• Jake Vinson (unregistered)

    What we need is IntelliSense as part of Windows. Meaning every word in the English language would pop up as you type, with the ALT text containing its definition.

  • Uwe (unregistered)

    Why only English words? You also could use http://www.babylon.com

  • Ryan Roberts (unregistered)

    Thats what visual assist (http://www.wholetomato.com) is for. Handles template stuff pretty well.

  • Michael Kohne (unregistered)

    Sadly, we can't blame MS for this one. The tooltip is giving all the real info - the STL is a set of templates that are built on other templates, to the nth degree. That's what makes it so damn hard to wrap your head around initially.

  • Mike Dunn (unregistered)

    That tooltip is only slightly less helpful than the STL docs in VC 6 :~(

  • Aarrgghh (unregistered)

    STL documentation is what deconstructionist lit-crit would look like if it actually meant anything.

    This may not seem like a Good Thing, but you do get used to it after a while, and that rearrangement of neurons is an important part of achieving Stepanov Consciousness (which is worth doing, because the STL is very, very cool).

    In further defense of MS, the VC7 debugger now groks STL classes well enough to (for example) show you what's in a std::string instance when you hover the mouse over it (or the size of a container, or whatever), in the same way that VC5 and VC6 special-cased CString and so on. Which is quite nice. And it finally quit yowling about identifiers > 255 characters long (which in the STL is pretty much all of 'em).

  • jaybaz [MS] (unregistered)

    Mike: agreed, but VC6 is from about 5 years ago. Back when I was young & interesting.

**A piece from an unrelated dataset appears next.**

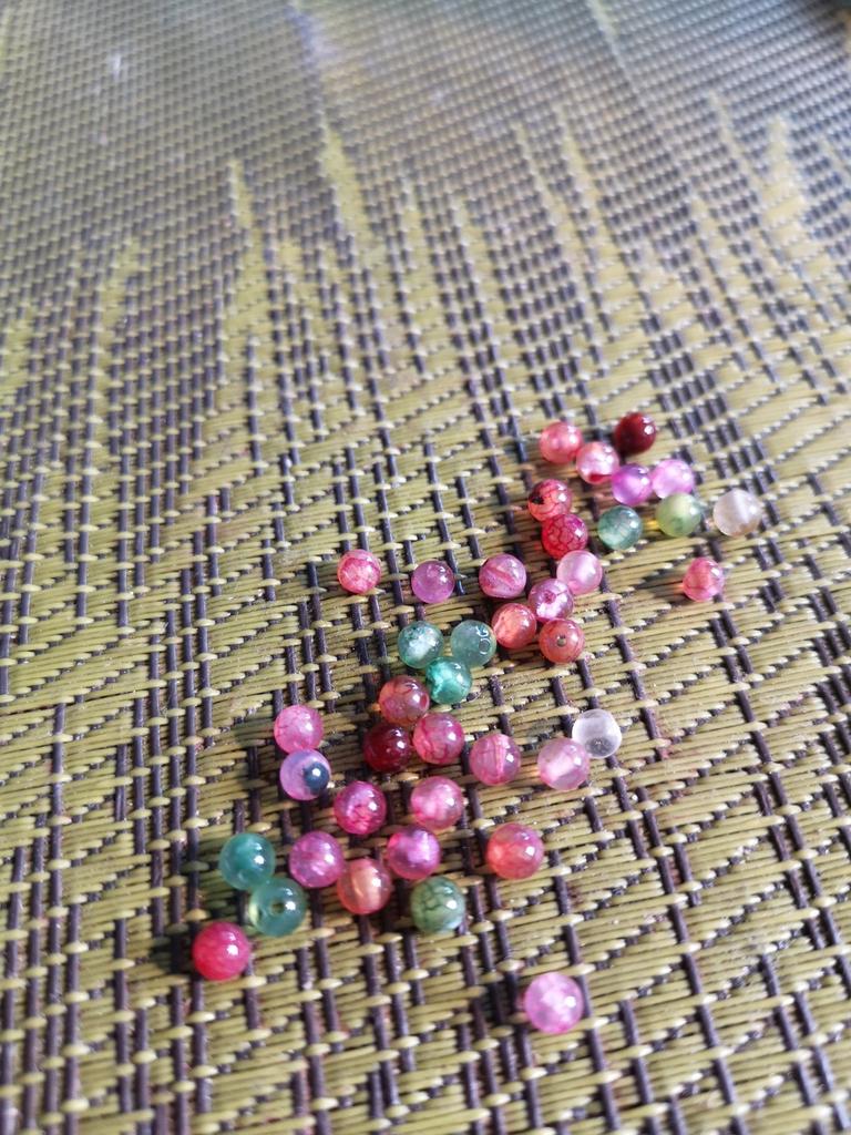 Aproximadamente 40 contas de turmalina vermelha/verde, tamanho 4mm. Você está fantástica. 🥰🦋

    Upgrade to a modern development tool (VC++ 2003) and you should be pleased.

  • Martyn Lovell ([email protected]) (unregistered)

    Thanks for pointing this out. This is indeed less than ideal. While getting the right level of detail in STL is challenging (as others have noted above), we are going to look to see if there are ways we can improve this user experience before Whidbey ships. We definitely want STL users to have a first-class user experience.

  • jaybaz [MS] (unregistered)

    BTW, I sent this as a bug report to the appropriate folks, and they're going to look into it.

    Next time you find an annoying behavior with VS, you can increase the chances of getting it fixed by:

    1. Installing a Beta 1 Express SKU.
    2. Checking if the issue still exists
    3. Reporing it at the MSDN Product Feedback Center.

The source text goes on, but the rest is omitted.